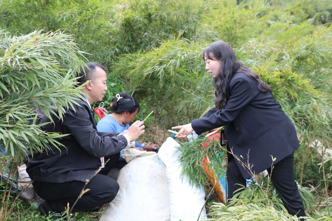 大关县纪委监委聚焦竹产业发展过程中责任、政策、工作落实情况开展监督检查。图为该县纪检监察干部到木杆镇竹笋采摘现场实地走访了解。(唐睿 摄)
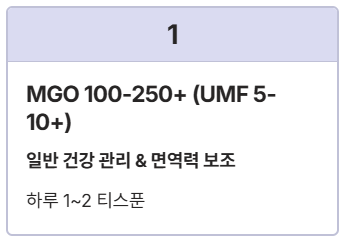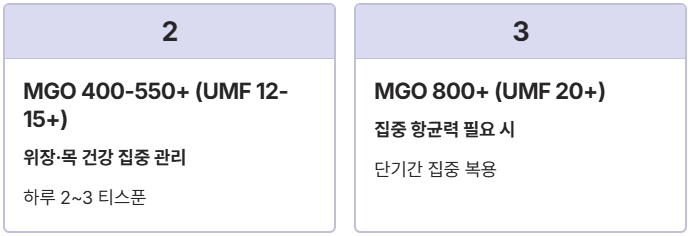 - 등급 확인: 일반적인 건강 관리는 MGO 100~250+, 위장 건강 등 특정 목적은 MGO 400+ 이상을 선택하세요.
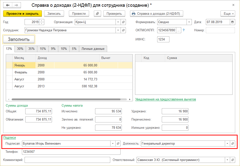 Реализовано автоматическое заполнение подписанта в справке 2-НДФЛ для сотрудников. Заполняется руководитель, указанный в ответственных лицах организации.
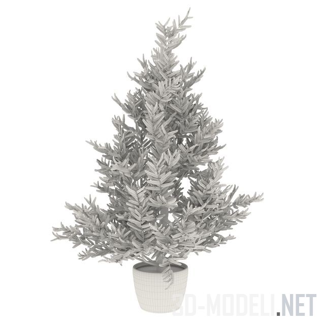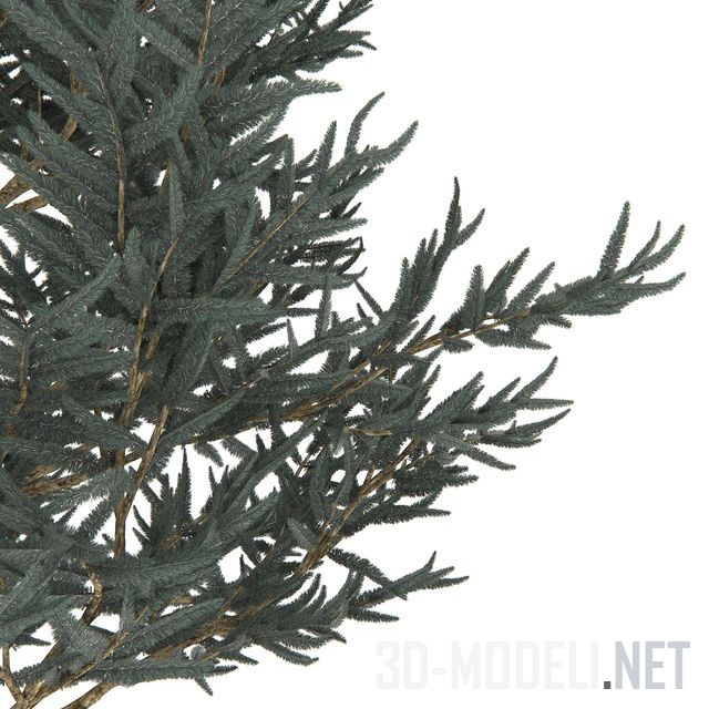 Небольшая голубая ель, с пирамидальной кроной, высотой 53 см. Дерево высажено в черный пластиковый горшок круглого сечения.
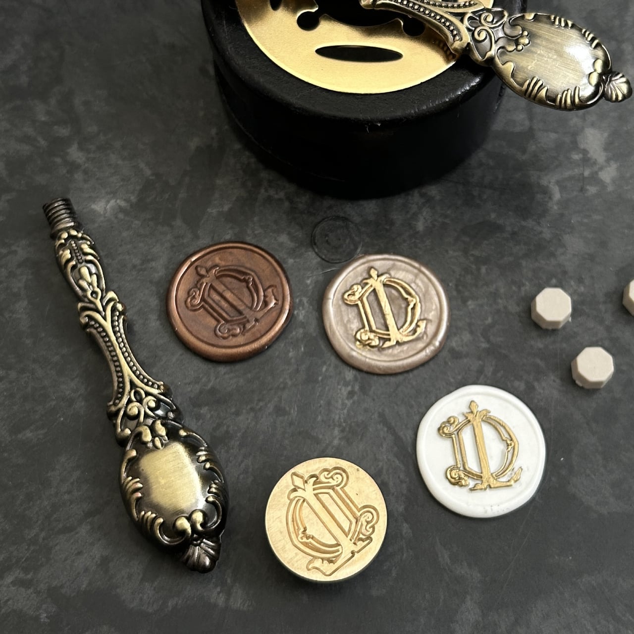 2文字のイニシャルのモノグラムでオーダーできるシーリングWAXスタンプ。
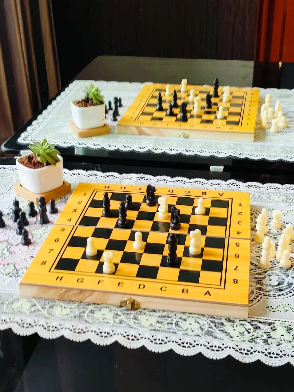 Our Wooden Chess Board is not just a gaming accessory but a statement piece. The rich, warm tones of the wood, coupled with its polished finish, make it an attractive addition to your living room, study, or game room. It’s a perfect blend of functionality and aesthetic appeal.
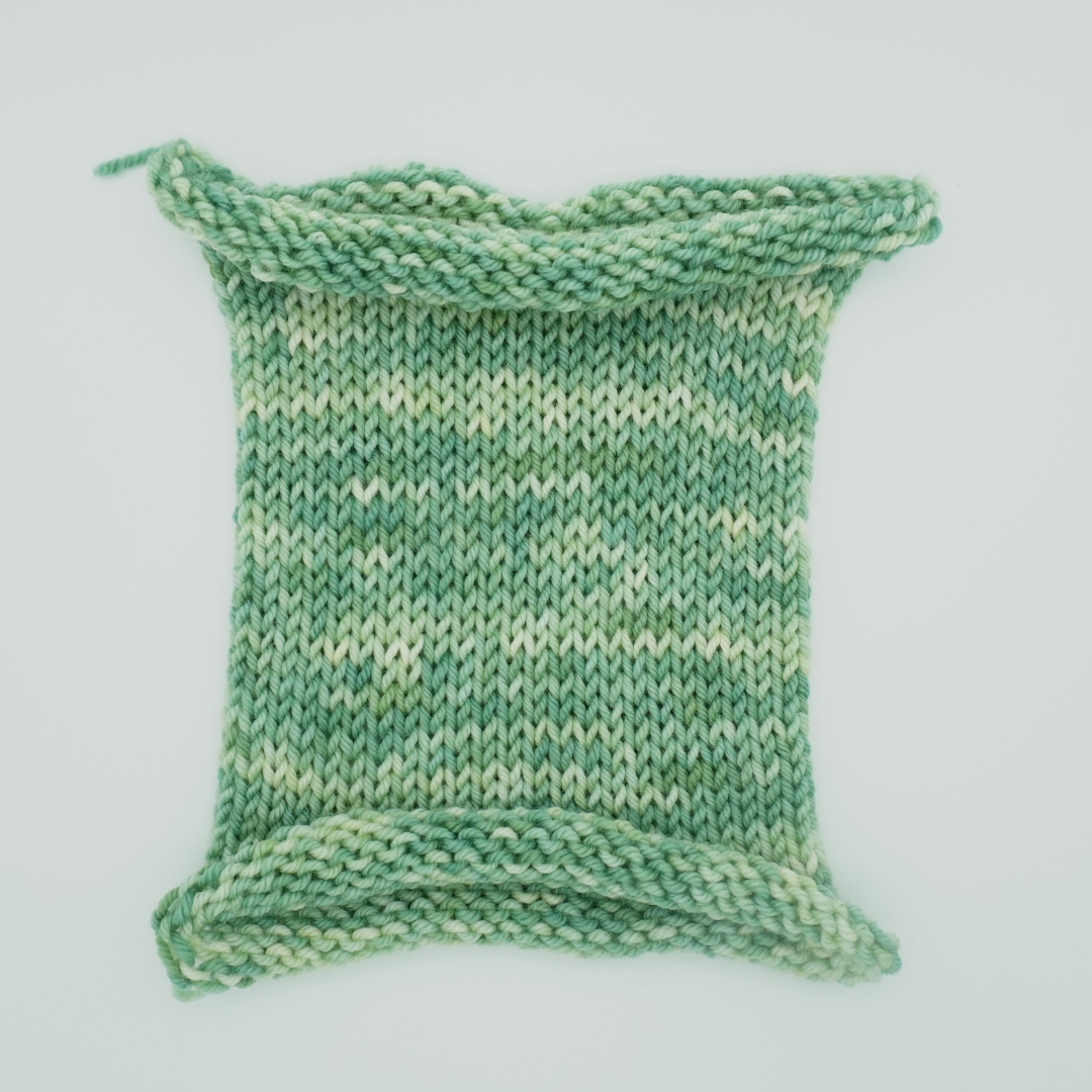 The yarn feels good in the hand and works up into a pleasing fabric. The colors are a heavenly treat for the eyes.

• _Aim of the task_: Print every entry exactly; omit the pictures.

• _Response to the task_:
 大关县纪委监委聚焦竹产业发展过程中责任、政策、工作落实情况开展监督检查。图为该县纪检监察干部到木杆镇竹笋采摘现场实地走访了解。(唐睿 摄)
 - 등급 확인: 일반적인 건강 관리는 MGO 100~250+, 위장 건강 등 특정 목적은 MGO 400+ 이상을 선택하세요.
 Реализовано автоматическое заполнение подписанта в справке 2-НДФЛ для сотрудников. Заполняется руководитель, указанный в ответственных лицах организации.
 Небольшая голубая ель, с пирамидальной кроной, высотой 53 см. Дерево высажено в черный пластиковый горшок круглого сечения.
 2文字のイニシャルのモノグラムでオーダーできるシーリングWAXスタンプ。
 Our Wooden Chess Board is not just a gaming accessory but a statement piece. The rich, warm tones of the wood, coupled with its polished finish, make it an attractive addition to your living room, study, or game room. It’s a perfect blend of functionality and aesthetic appeal.
 The yarn feels good in the hand and works up into a pleasing fabric. The colors are a heavenly treat for the eyes.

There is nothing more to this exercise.